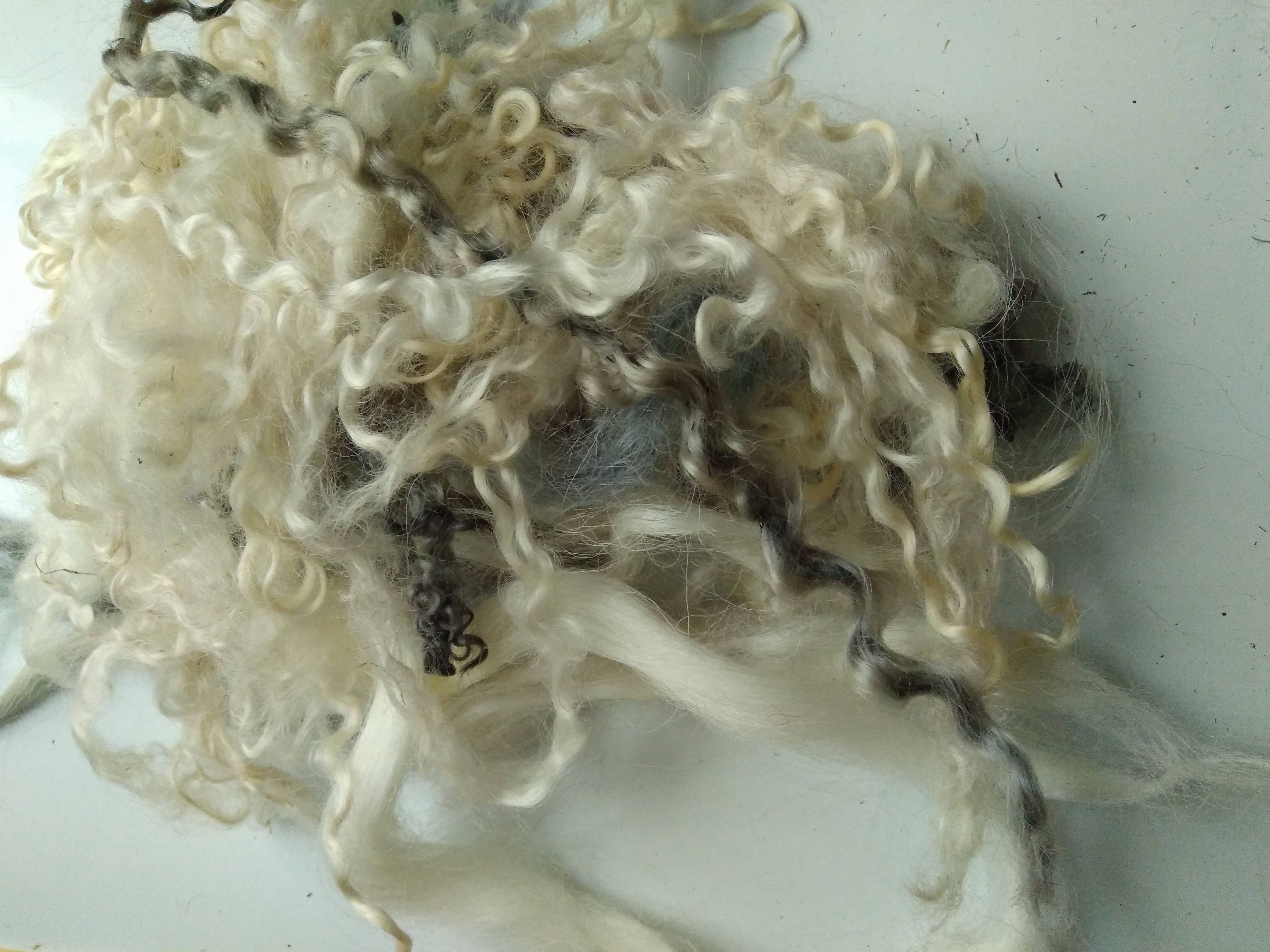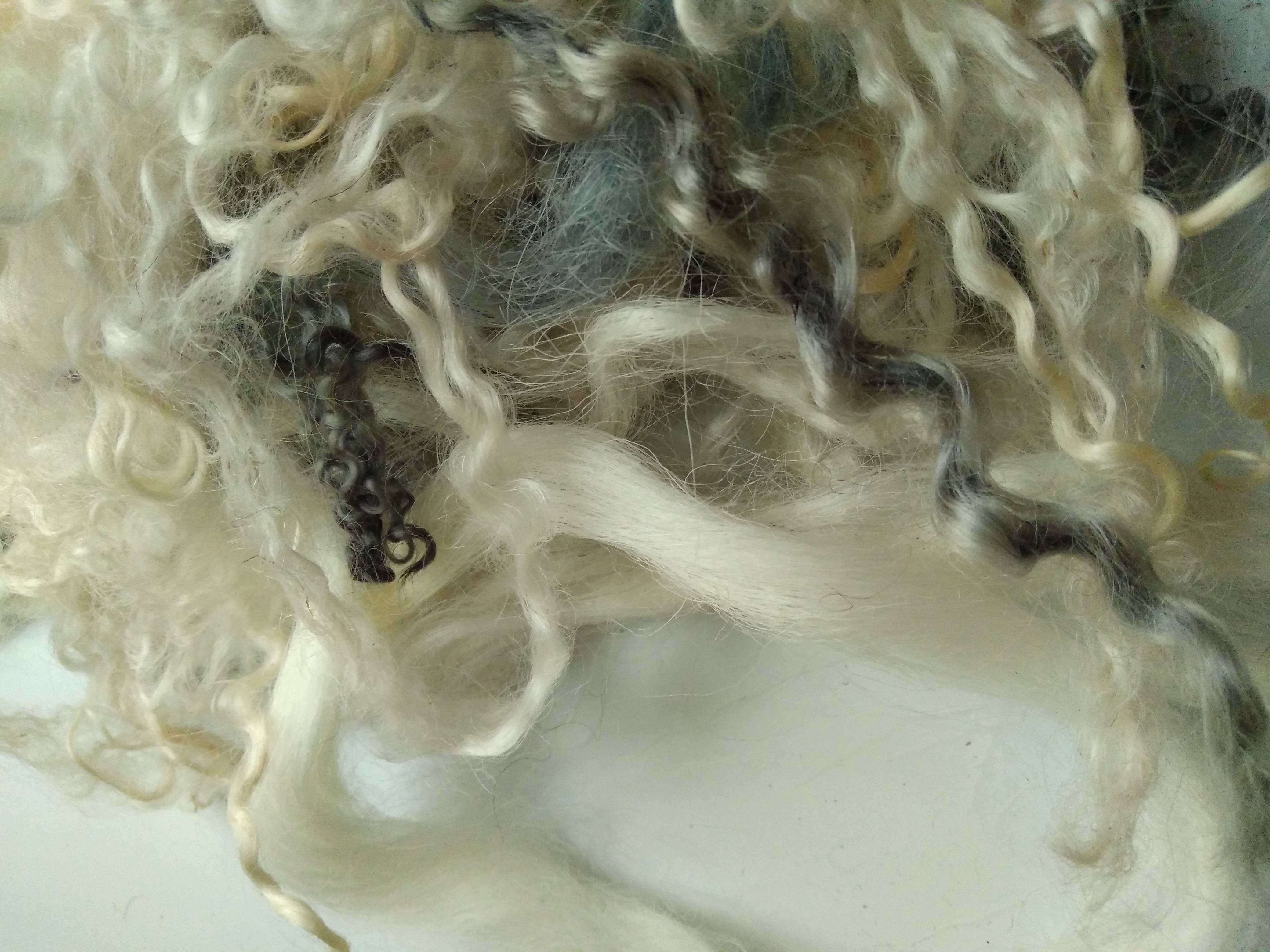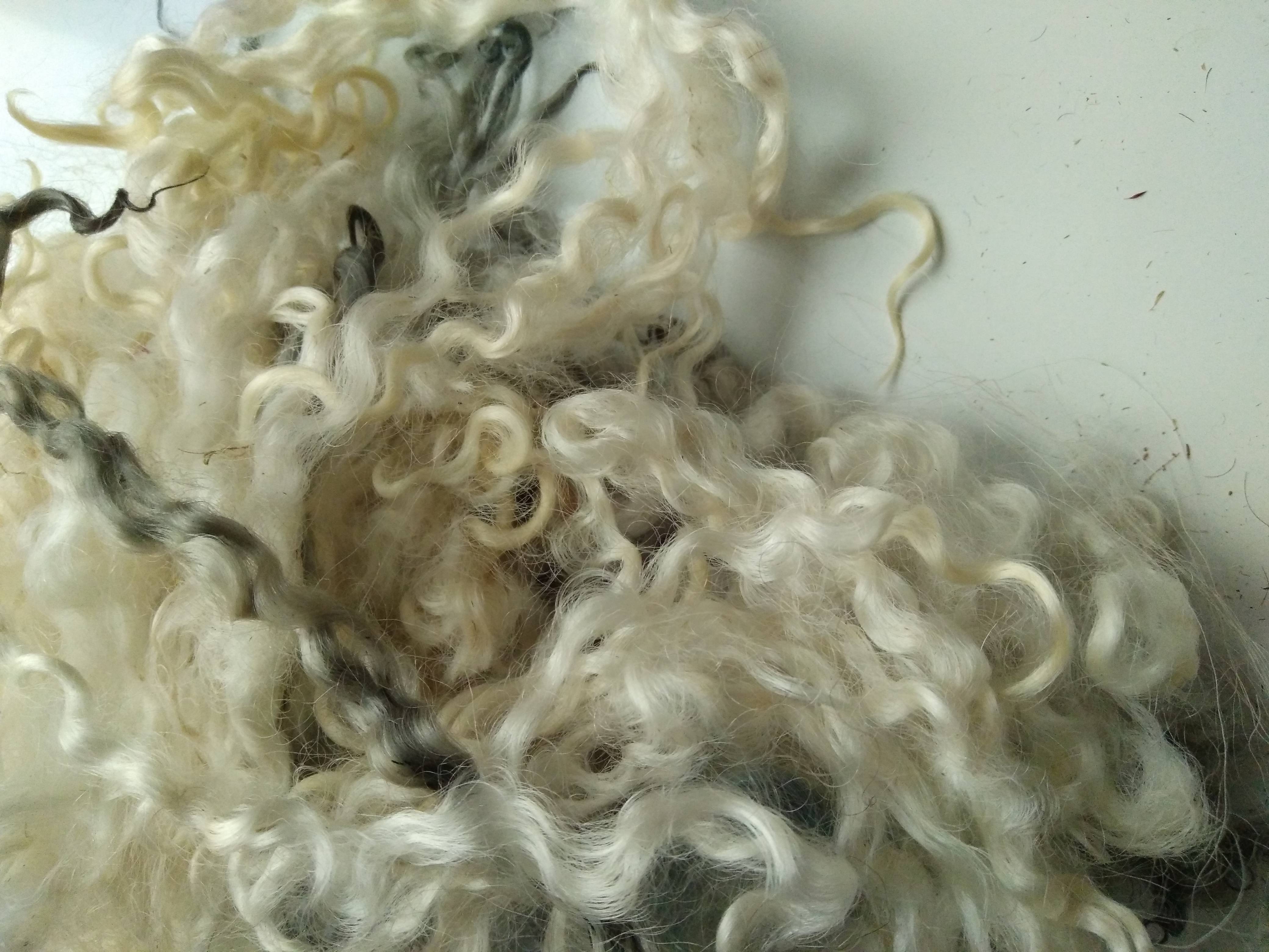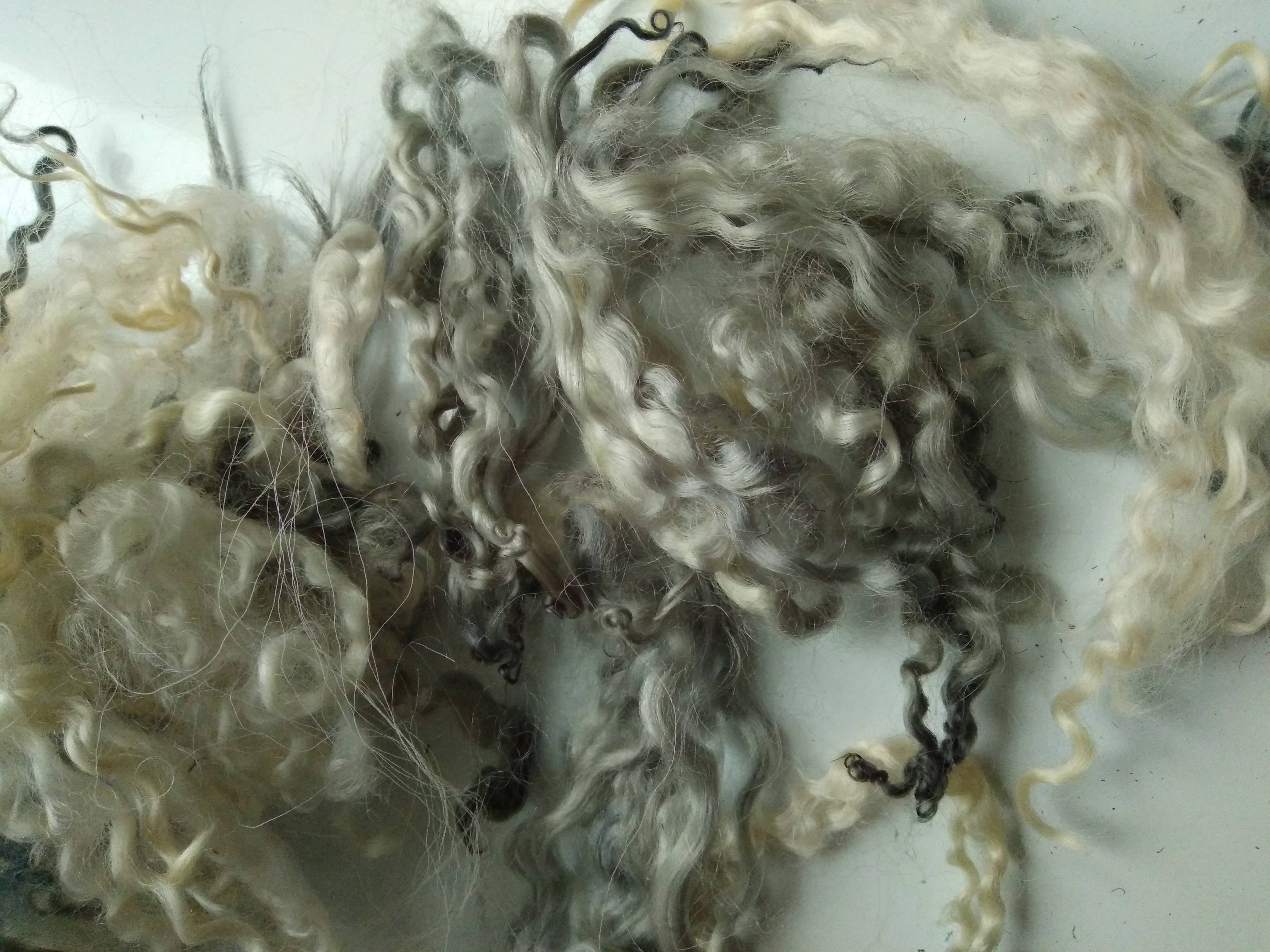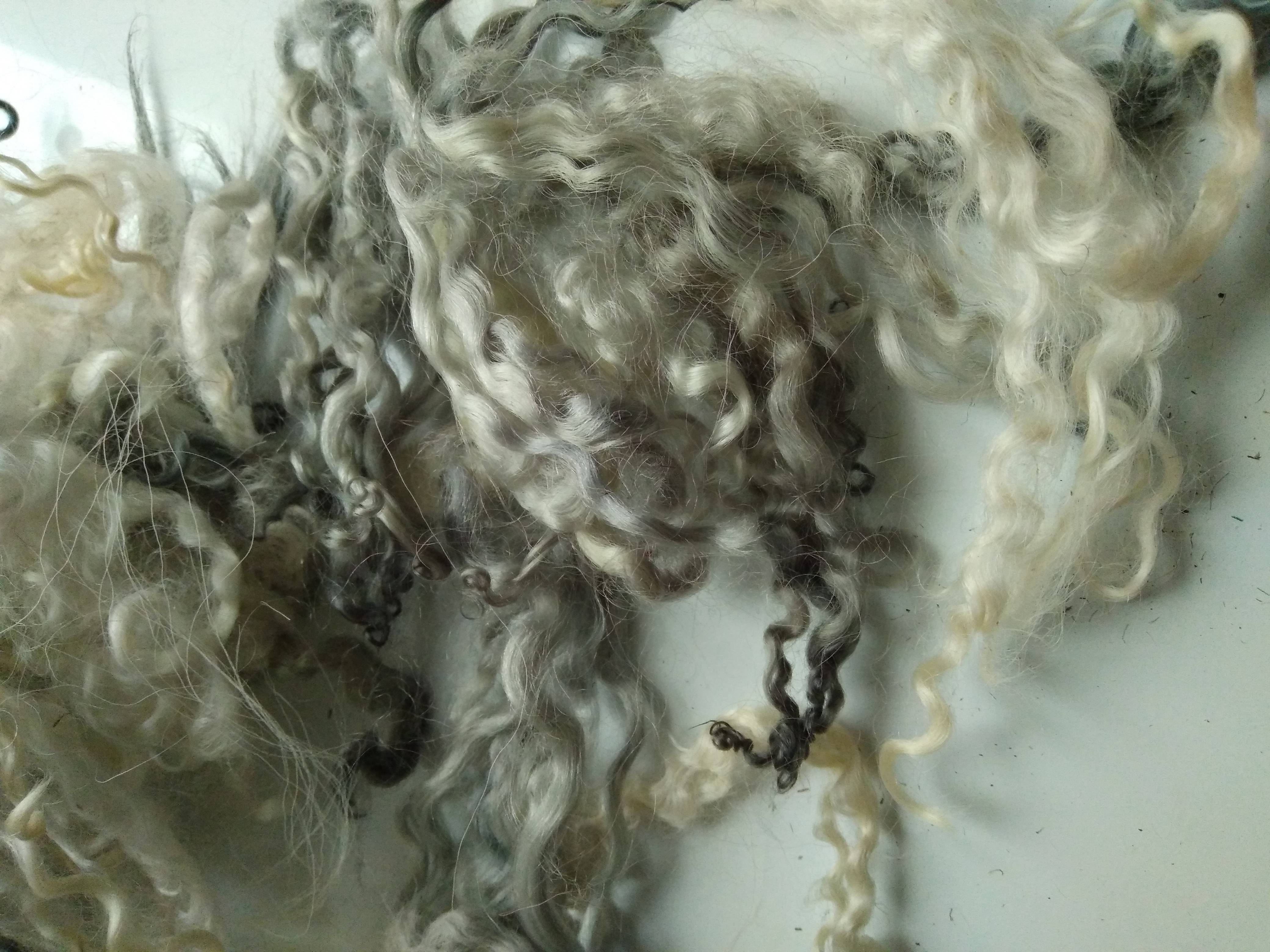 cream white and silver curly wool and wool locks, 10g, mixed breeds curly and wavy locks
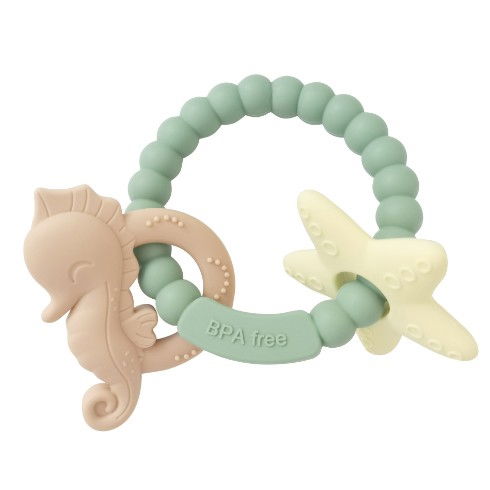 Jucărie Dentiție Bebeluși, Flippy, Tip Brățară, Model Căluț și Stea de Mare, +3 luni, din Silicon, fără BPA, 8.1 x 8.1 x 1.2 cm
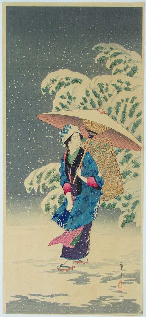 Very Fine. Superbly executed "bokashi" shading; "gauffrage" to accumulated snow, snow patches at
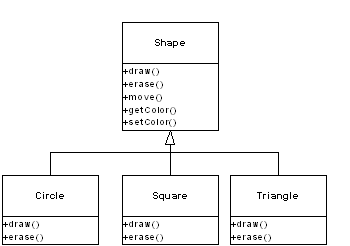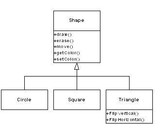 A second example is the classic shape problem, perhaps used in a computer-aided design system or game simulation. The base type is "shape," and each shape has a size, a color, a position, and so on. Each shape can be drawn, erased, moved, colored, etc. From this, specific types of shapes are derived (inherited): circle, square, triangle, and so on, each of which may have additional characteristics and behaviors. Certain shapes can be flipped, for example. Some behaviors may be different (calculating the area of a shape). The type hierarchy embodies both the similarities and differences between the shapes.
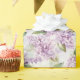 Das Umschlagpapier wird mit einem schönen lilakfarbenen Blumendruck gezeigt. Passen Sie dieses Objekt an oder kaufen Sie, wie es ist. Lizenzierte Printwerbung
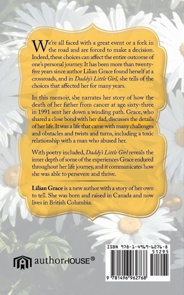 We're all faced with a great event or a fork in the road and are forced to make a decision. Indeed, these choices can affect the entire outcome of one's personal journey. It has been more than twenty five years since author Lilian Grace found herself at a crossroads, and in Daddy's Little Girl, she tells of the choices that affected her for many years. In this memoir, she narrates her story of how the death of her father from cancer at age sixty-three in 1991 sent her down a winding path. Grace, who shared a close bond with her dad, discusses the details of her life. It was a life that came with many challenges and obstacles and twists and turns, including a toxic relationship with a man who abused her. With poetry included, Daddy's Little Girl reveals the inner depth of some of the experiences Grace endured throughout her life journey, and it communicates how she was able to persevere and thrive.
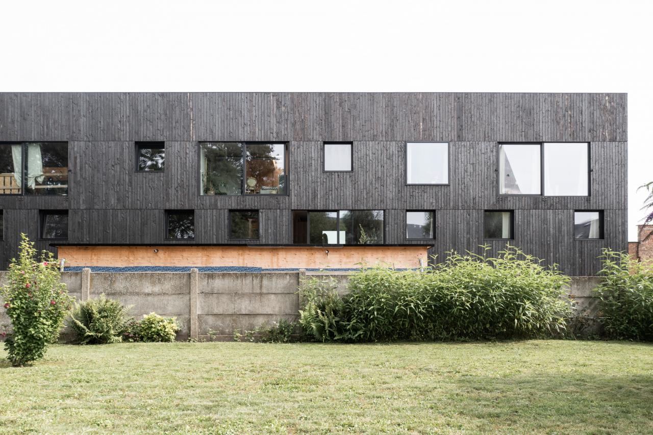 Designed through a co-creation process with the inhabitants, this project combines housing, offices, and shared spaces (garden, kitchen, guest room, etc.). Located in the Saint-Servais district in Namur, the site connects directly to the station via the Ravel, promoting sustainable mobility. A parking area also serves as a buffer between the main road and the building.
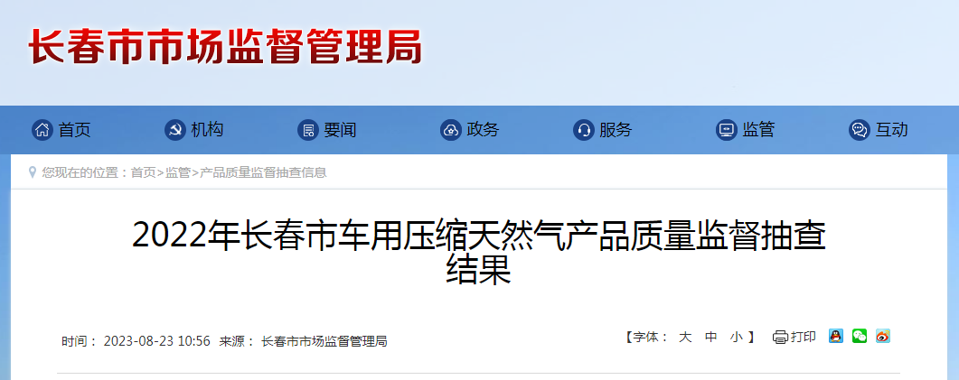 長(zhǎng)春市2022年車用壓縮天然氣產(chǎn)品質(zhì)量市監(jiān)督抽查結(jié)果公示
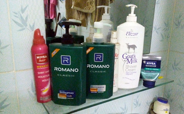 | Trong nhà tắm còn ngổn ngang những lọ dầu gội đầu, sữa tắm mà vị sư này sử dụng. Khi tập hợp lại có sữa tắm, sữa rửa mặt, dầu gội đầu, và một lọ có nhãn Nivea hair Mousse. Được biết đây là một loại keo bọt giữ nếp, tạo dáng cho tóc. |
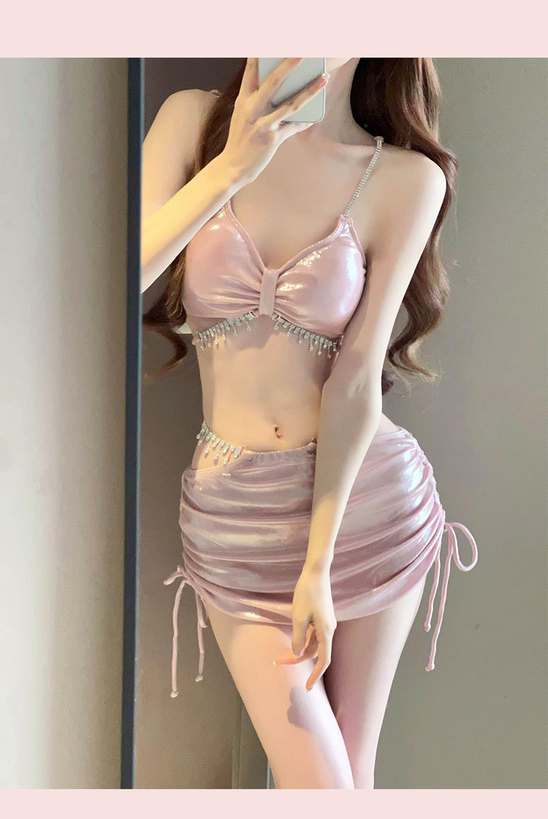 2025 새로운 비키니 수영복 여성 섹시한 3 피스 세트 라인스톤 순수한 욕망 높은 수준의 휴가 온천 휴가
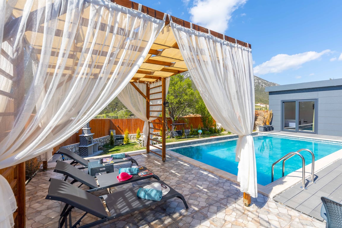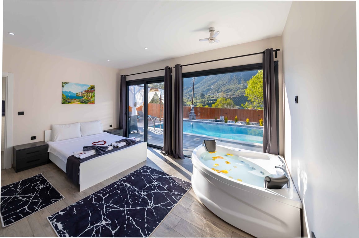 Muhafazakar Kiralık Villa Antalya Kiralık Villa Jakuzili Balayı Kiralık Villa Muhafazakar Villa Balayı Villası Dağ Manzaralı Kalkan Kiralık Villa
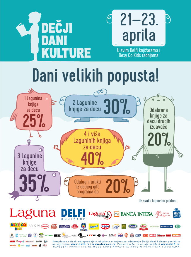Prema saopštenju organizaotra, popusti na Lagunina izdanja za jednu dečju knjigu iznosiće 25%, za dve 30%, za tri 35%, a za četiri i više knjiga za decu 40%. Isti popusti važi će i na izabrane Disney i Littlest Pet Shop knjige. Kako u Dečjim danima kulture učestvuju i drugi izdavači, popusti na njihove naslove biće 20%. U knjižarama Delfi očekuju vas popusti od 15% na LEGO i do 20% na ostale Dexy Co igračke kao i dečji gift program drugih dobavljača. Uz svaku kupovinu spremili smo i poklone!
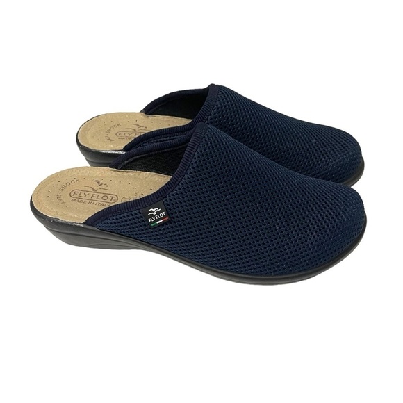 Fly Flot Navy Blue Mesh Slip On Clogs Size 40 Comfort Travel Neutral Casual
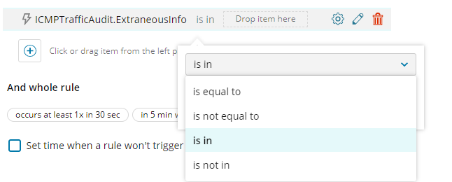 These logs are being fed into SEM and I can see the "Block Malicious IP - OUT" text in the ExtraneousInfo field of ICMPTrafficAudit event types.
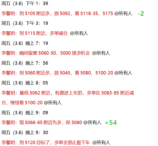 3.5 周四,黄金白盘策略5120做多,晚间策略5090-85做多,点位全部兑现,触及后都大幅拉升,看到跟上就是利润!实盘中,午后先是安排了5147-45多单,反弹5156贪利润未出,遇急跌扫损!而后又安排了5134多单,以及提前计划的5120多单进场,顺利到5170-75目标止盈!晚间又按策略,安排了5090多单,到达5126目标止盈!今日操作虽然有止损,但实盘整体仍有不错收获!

·····

Exercise brief >>
Give back, unaltered, each line of the listing from the first to the line that contains "Das Umschlagpapier wird", leaving every picture out.

Solution >>
 cream white and silver curly wool and wool locks, 10g, mixed breeds curly and wavy locks
 Jucărie Dentiție Bebeluși, Flippy, Tip Brățară, Model Căluț și Stea de Mare, +3 luni, din Silicon, fără BPA, 8.1 x 8.1 x 1.2 cm
 Very Fine. Superbly executed "bokashi" shading; "gauffrage" to accumulated snow, snow patches at
 A second example is the classic shape problem, perhaps used in a computer-aided design system or game simulation. The base type is "shape," and each shape has a size, a color, a position, and so on. Each shape can be drawn, erased, moved, colored, etc. From this, specific types of shapes are derived (inherited): circle, square, triangle, and so on, each of which may have additional characteristics and behaviors. Certain shapes can be flipped, for example. Some behaviors may be different (calculating the area of a shape). The type hierarchy embodies both the similarities and differences between the shapes.
 Das Umschlagpapier wird mit einem schönen lilakfarbenen Blumendruck gezeigt. Passen Sie dieses Objekt an oder kaufen Sie, wie es ist. Lizenzierte Printwerbung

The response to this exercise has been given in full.